From the material below, retype exactly the lines that begin at the line with "普通螺紋———60°角V形螺" and end after the line with "高架にある相対式2面2線の無"; pictures stay out of the copy.

RECORDS TO PROCESS:

____________________

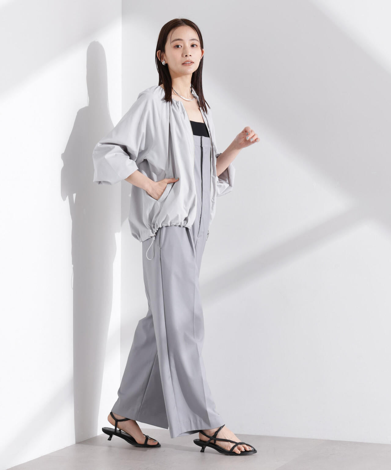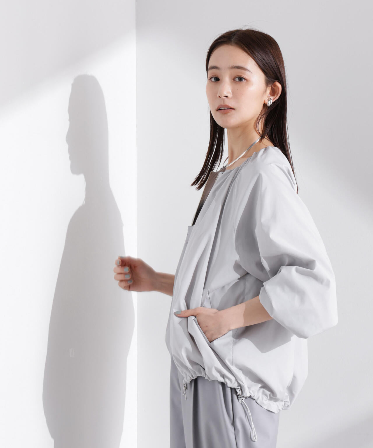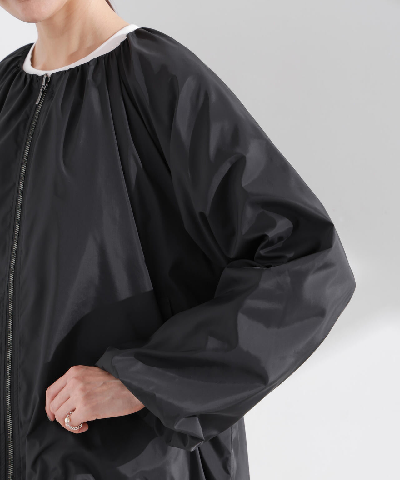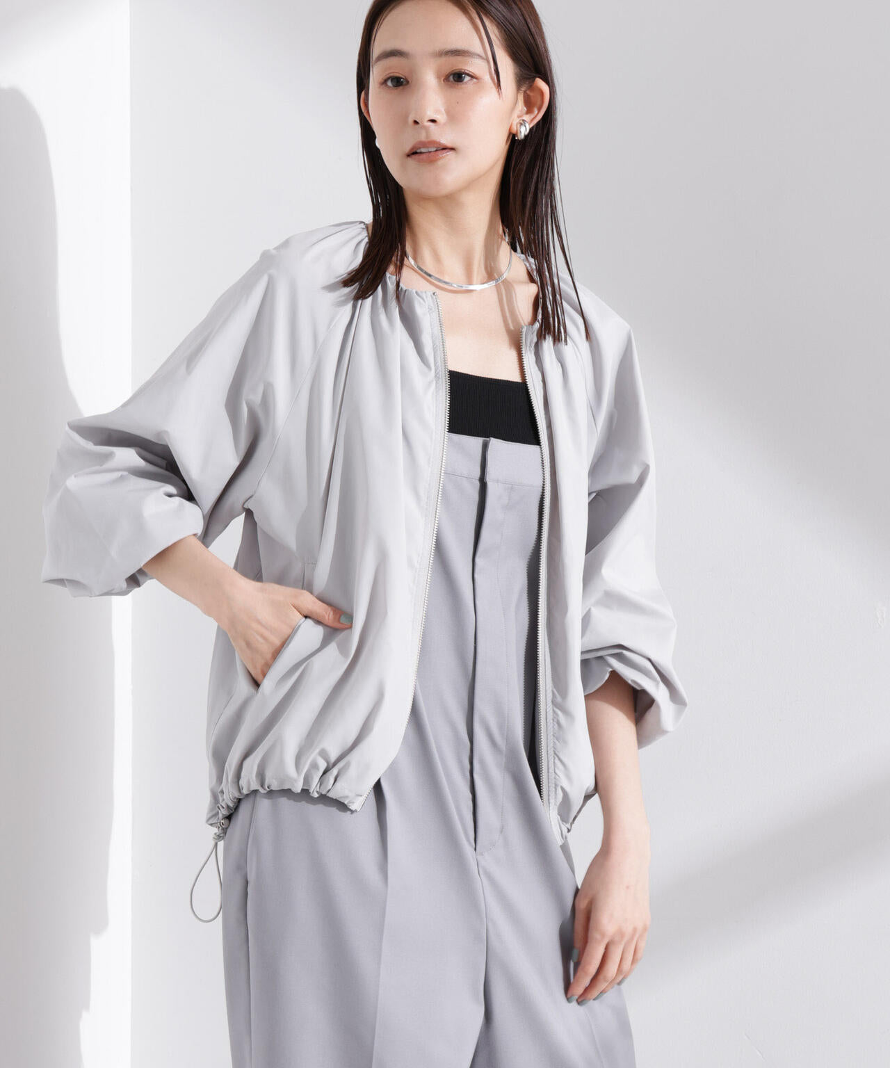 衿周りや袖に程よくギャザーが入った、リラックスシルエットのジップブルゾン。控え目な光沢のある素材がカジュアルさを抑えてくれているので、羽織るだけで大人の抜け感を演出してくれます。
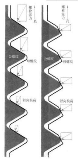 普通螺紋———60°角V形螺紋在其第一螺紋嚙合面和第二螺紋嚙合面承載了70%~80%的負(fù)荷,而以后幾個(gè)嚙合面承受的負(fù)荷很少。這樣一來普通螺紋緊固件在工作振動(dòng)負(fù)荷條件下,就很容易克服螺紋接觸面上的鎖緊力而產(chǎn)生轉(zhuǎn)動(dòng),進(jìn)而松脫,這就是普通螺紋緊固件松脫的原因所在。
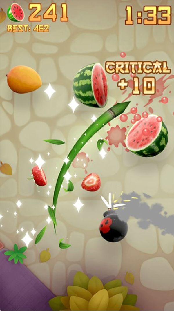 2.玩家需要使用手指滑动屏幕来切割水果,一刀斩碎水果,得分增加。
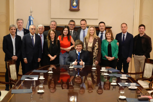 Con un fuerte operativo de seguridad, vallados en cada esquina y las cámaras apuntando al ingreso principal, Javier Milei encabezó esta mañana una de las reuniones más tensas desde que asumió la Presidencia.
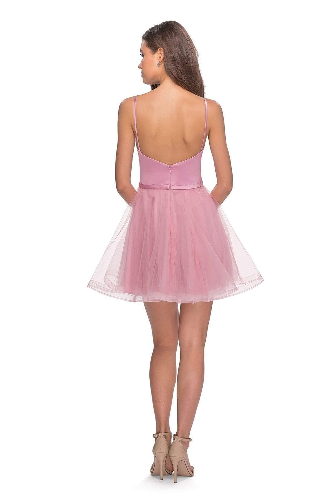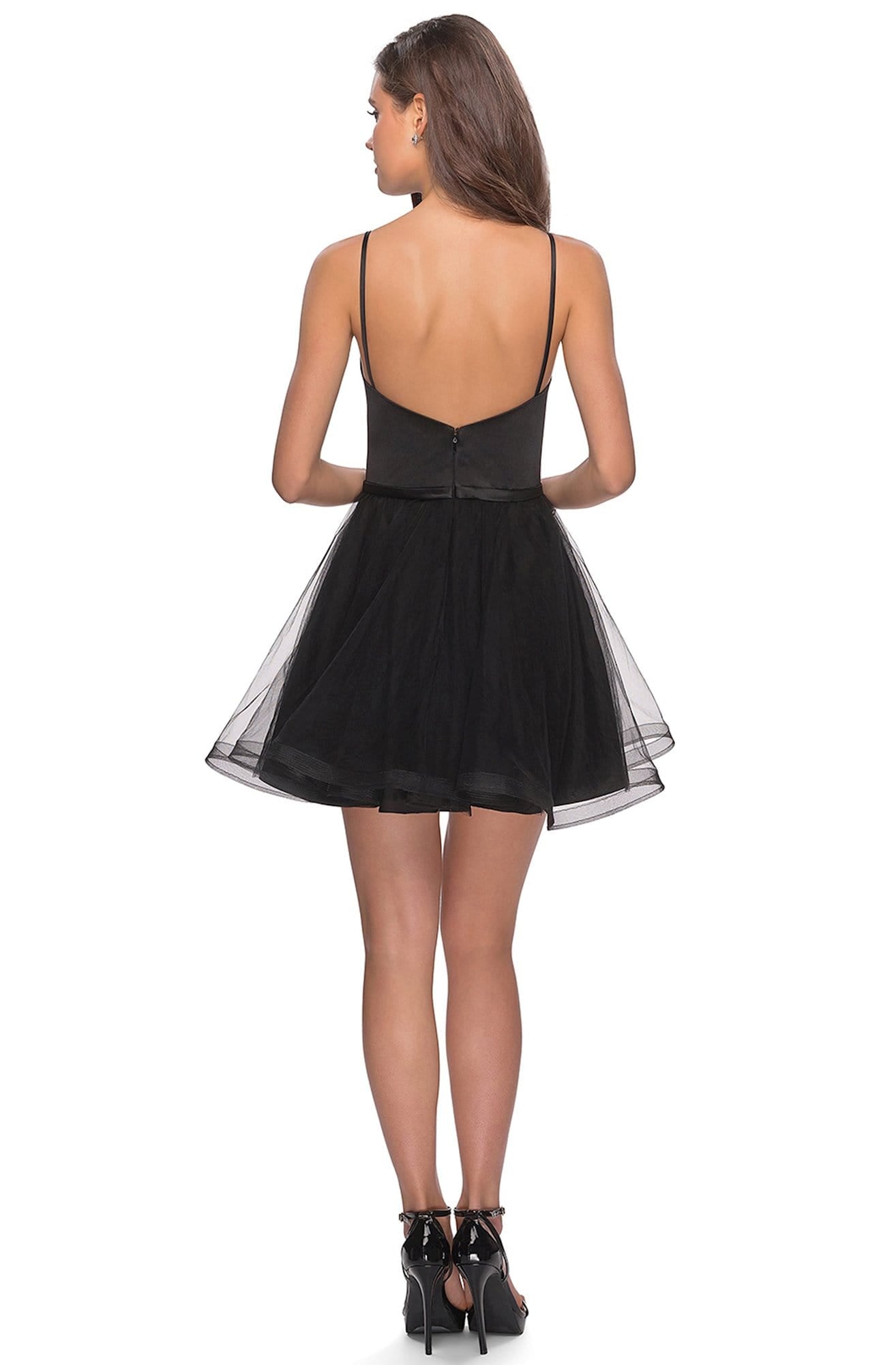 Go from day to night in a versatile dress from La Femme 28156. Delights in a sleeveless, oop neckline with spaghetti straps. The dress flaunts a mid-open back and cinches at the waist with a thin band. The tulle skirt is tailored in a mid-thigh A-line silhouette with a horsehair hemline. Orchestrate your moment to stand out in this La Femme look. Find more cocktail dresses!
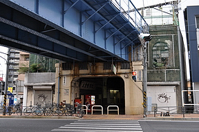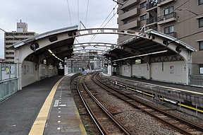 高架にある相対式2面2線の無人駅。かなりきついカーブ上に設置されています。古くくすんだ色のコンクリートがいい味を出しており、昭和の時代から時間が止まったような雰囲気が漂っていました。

____________________

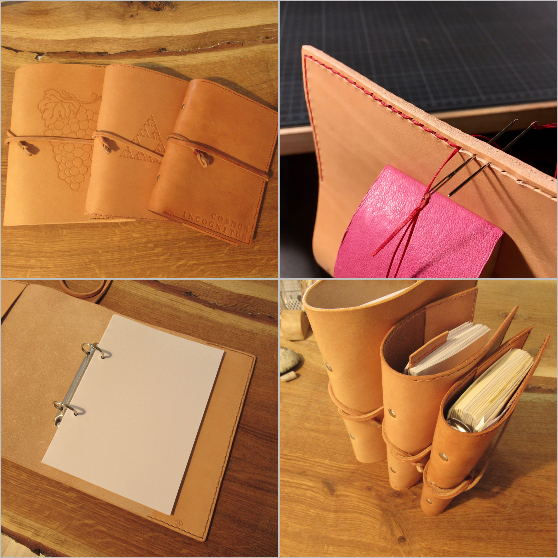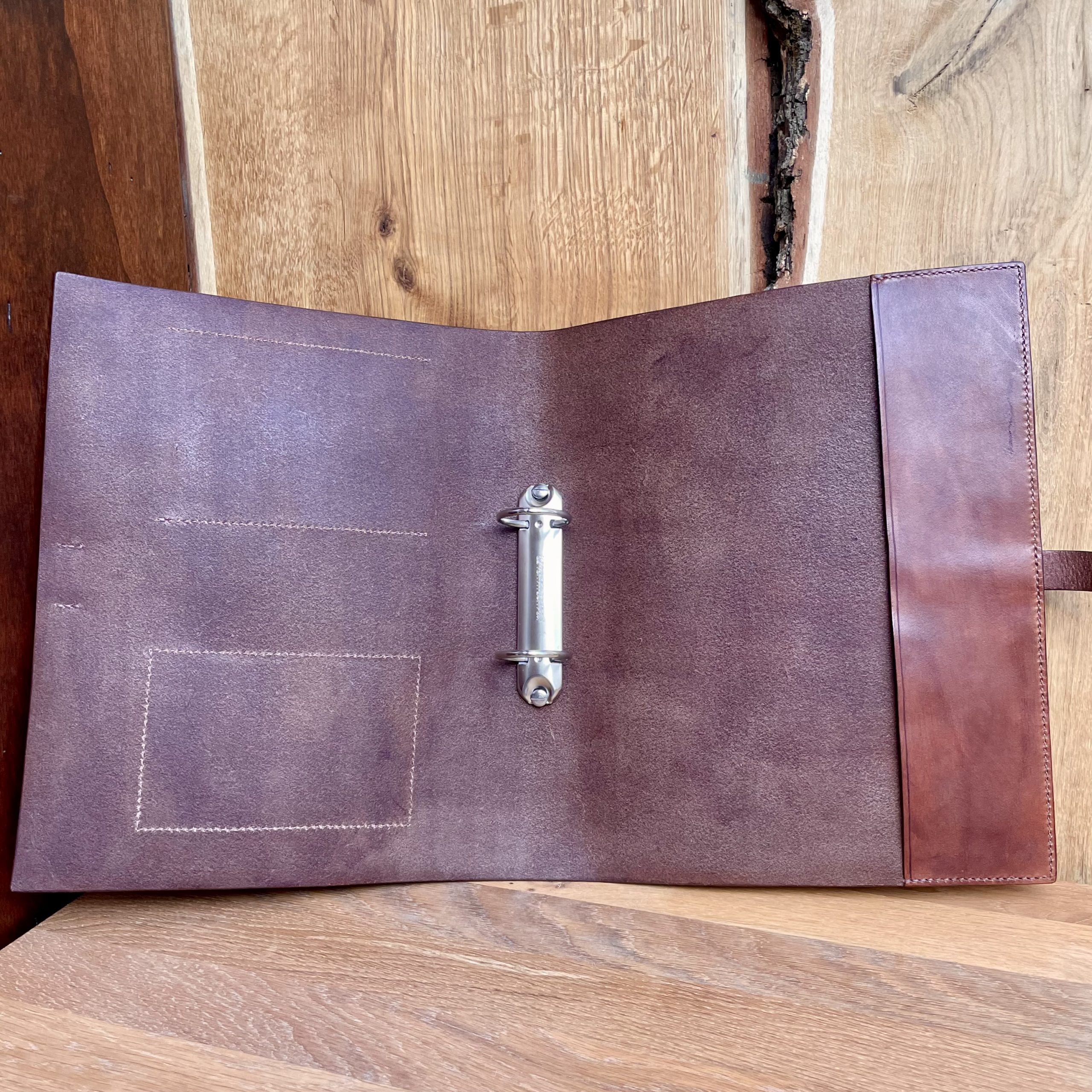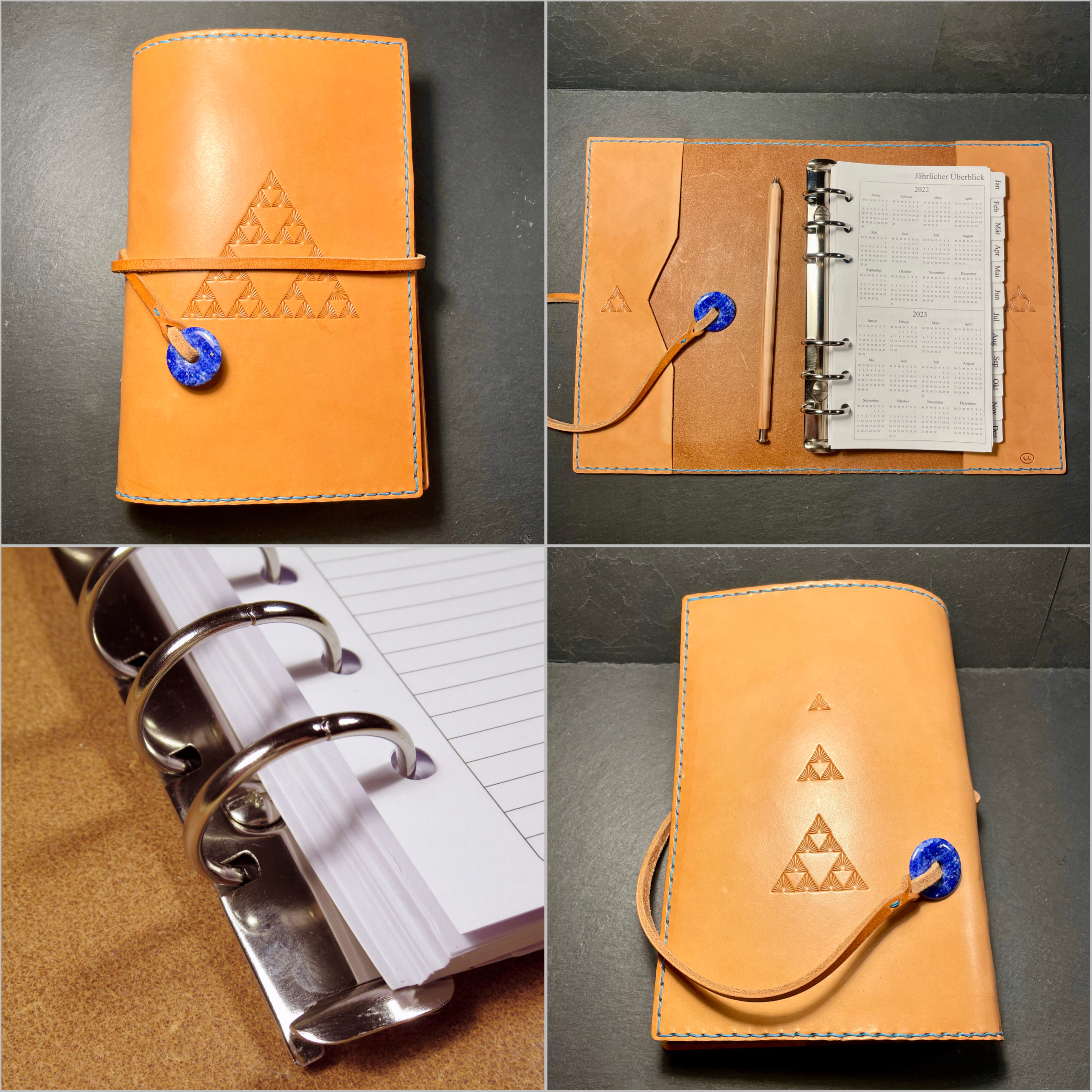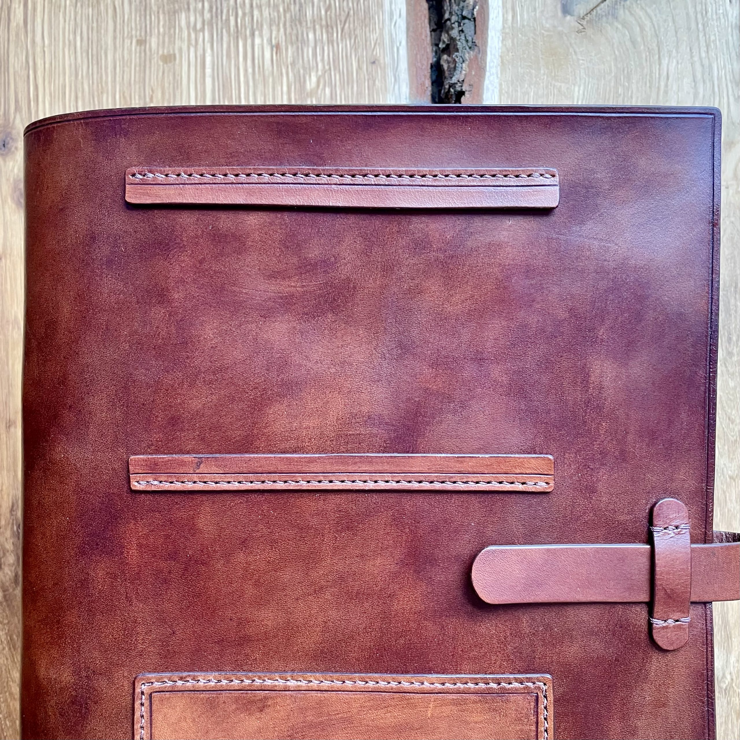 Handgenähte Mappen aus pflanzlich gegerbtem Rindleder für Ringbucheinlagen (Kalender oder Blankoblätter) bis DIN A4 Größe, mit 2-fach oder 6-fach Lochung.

____________________

WORKED SOLUTION:
 普通螺紋———60°角V形螺紋在其第一螺紋嚙合面和第二螺紋嚙合面承載了70%~80%的負(fù)荷,而以后幾個(gè)嚙合面承受的負(fù)荷很少。這樣一來普通螺紋緊固件在工作振動(dòng)負(fù)荷條件下,就很容易克服螺紋接觸面上的鎖緊力而產(chǎn)生轉(zhuǎn)動(dòng),進(jìn)而松脫,這就是普通螺紋緊固件松脫的原因所在。
 2.玩家需要使用手指滑动屏幕来切割水果,一刀斩碎水果,得分增加。
 Con un fuerte operativo de seguridad, vallados en cada esquina y las cámaras apuntando al ingreso principal, Javier Milei encabezó esta mañana una de las reuniones más tensas desde que asumió la Presidencia.
 Go from day to night in a versatile dress from La Femme 28156. Delights in a sleeveless, oop neckline with spaghetti straps. The dress flaunts a mid-open back and cinches at the waist with a thin band. The tulle skirt is tailored in a mid-thigh A-line silhouette with a horsehair hemline. Orchestrate your moment to stand out in this La Femme look. Find more cocktail dresses!
 高架にある相対式2面2線の無人駅。かなりきついカーブ上に設置されています。古くくすんだ色のコンクリートがいい味を出しており、昭和の時代から時間が止まったような雰囲気が漂っていました。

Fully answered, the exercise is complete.